I'm playing around with the drag and drop feature of jQuery UI and it's working on my website, but when I navigate to my web page on an iPad, then the divs don't drag - the page i开发者_如何学运维tself moves up and down.
I've have in the head tag:
<link rel="stylesheet" href="http://code.jquery.com/mobile/1.0a3/jquery.mobile-1.0a3.min.css" />
<link rel="stylesheet" href="http://ajax.googleapis.com/ajax/libs/jqueryui/1/themes/le-frog/jquery-ui.css" type="text/css" media="all" />
<script src="http://www.google.com/jsapi"></script>
<script>
google.load("jquery", "1");
google.load("jqueryui", "1");
google.setOnLoadCallback(init);
</script>
<script type="text/javascript" src="http://code.jquery.com/mobile/1.0a3/jquery.mobile-1.0a3.min.js"></script>
Excellent sample solutions:
jQuery UI Touch Punch is a small hack that enables the use of touch events on sites using the jQuery UI user interface library.

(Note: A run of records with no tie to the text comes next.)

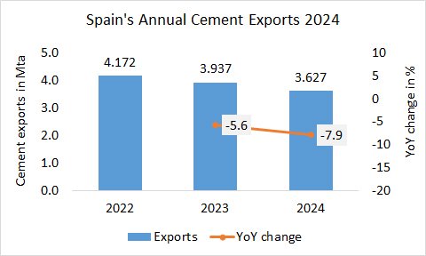The annual cement exports from Spain declined by -7.9% to 3.627 Mta, after 3.937 Mta in the last year and 4.172 Mta in 2022.
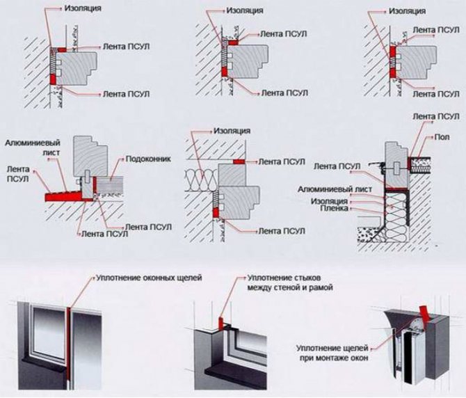 Dans le premier cas, vous avez besoin de mousse de polyuréthane et de ruban d'étanchéité. Dans le second, seule la bande suffit. Dans le troisième, des mastics de silicone doivent être utilisés. Examinons ces matériaux plus en détail.
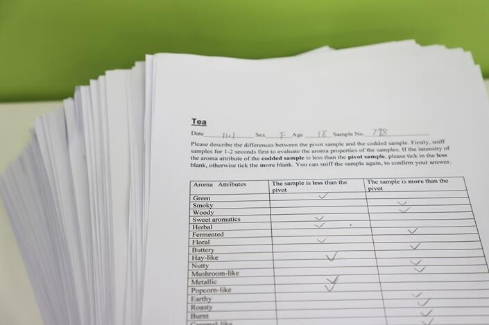 在实验室中,参与者认真品鉴每一款茶和咖啡,并且记录闻香、品香的感觉,进行专业评测。
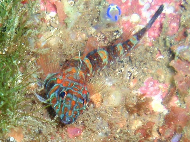 久しぶりのヒメギンポですが,キレイに撮れない。 奥の青いホヤに,少し気がいってしまったからかなぁ
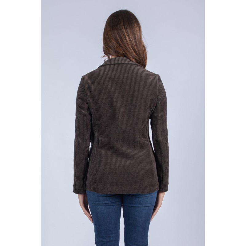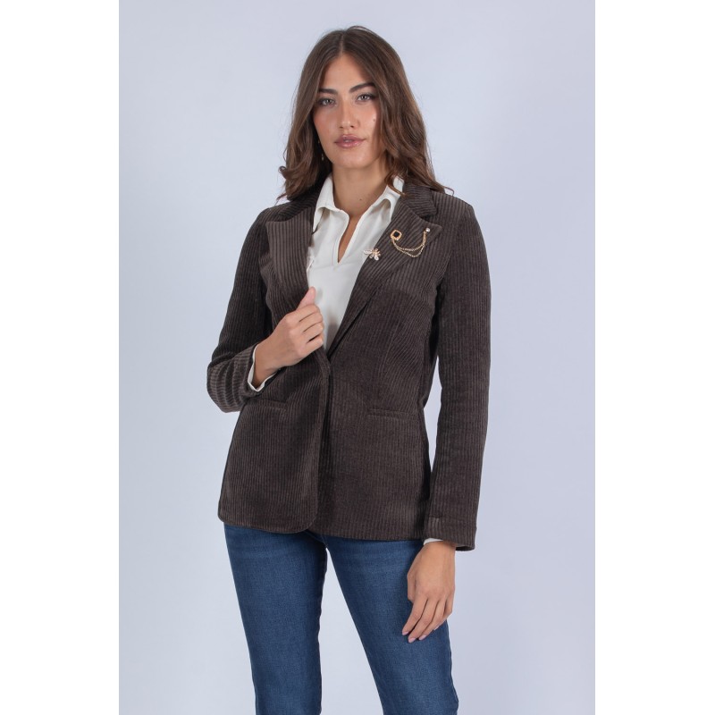 Dona un tocco retrò e sofisticato ai tuoi look con questa giacca in velluto a coste, un vero must-have della stagione. Il tessuto morbido e strutturato valorizza la figura, mentre la chiusura con bottone centrale assicura una vestibilità comoda e femminile. I dettagli fanno la differenza: le spille decorative sul bavero aggiungono un accento glamour e personalizzabile, perfetto per distinguerti con stile. Abbinala a un jeans a vita alta o a un pantalone sartoriale per un outfit elegante ma disinvolto. Scopri il piacere di un capo che unisce comfort, tendenza e carattere. 98% poliestere 2% elastan

Currently, jQuery UI user interface library does not support the use of touch events in their widgets and interactions. This means that the slick UI you designed and tested in your desktop browser will fail on most, if not all, touch-enabled mobile devices, becuase jQuery UI listens to mouse events—mouseover, mousemove and mouseout—not touch events—touchstart, touchmove and touchend.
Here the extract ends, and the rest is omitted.